WAF Curves for DIP-HS PPI dataset. WAF evaluations with static combinations of semantic aspects (CC, BP, MF, Avg and Max) at different cutoffs are shown. The evaluation is performed using three SSMs: a SimGIC, b ResnikMax and c ResnikBMA

Fig. 3
figure 3

WAF Curves for STRING-EC PPI dataset. WAF evaluations with static combinations of semantic aspects (CC, BP, MF, Avg and Max) at different cutoffs are shown. The evaluation is performed using three SSMs: a SimGIC, b ResnikMax and c ResnikBMA

Comparing the charts for different SSMs, we observe that, for each set of curves, the maximum F-measure is achieved at different ranges of SS cutoff. For SimGIC (Fig. 2a), ResnikMax (Fig. 2b) and ResnikBMA (Fig. 2c) the ranges are approximately [0.1−0.3], [0.6−0.8] and [0.3−0.5], respectively. For most datasets, each SSM shows a consistent behavior with curves having similar shapes. Furthermore, we verify that the maximum observed F-measure is achieved when ResnikMax is used.

Static combinations were evaluated using stratified 10-fold cross-validation. The training set is used to select the best classification threshold which is then applied to the test set. Table 1 presents the median WAF achieved in each baseline.

Table 1 Median of WAFs with alternative methodologies and with evoKGsim for the different PPI datasets

Exhaustive search combinations and decision tree models

The exhaustive search method is based on a grid search over a set of possible values for the SS threshold (values in the range from 0 to 1 with a step of 0.05) and a set of possible values for SS score weights (values in the range from 0 to 1 with a step of 0.1), using the WAF of classification on training set as the optimization criterion. The components of the candidate solutions are then a SS threshold and three weights used to calculate the weighted average of the three SS scores.
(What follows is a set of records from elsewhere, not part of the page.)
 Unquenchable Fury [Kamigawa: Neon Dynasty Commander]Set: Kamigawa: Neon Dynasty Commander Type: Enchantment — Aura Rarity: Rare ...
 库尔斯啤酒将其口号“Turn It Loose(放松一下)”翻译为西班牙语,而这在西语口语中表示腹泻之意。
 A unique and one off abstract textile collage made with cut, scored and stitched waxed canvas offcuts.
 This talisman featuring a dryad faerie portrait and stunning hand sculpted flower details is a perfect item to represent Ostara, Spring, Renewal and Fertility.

The number of potential solutions was established to be roughly equal to the number of candidate solutions evaluated by GP.

The decision tree models were obtained using the Decision Tree package of scikit-learn 0.20.2 [34] with default parameters.

Exhaustive search combinations and decision tree models were evaluated using 10-fold cross-validation. The median WAF for all datasets is presented in Table 1.

Comparative evaluation

Table 1 shows the median WAF of stratified 10-fold cross-validation for the static combinations, the exhaustive search combinations, the decision tree models and evoKGsim, using different SSMs.

The statistical significance of the experimental results was determined using pairwise non-parametric Kruskal-Wallis tests [35] at p< 0.01. All statistical analyses were performed using the Python library SciPy 1.3.1 [36]. Table S3 of Additional file 1 shows the p-values for the Kruskal-Wallis test for comparisons between evoKGsim and all the other alternative methodologies over the nine PPI datasets. In Table 1, for each dataset-SSM pair, the median WAF achieved for each alternative methodology is underlined when the performance differences between evoKGsim and that methodology are statistically significant.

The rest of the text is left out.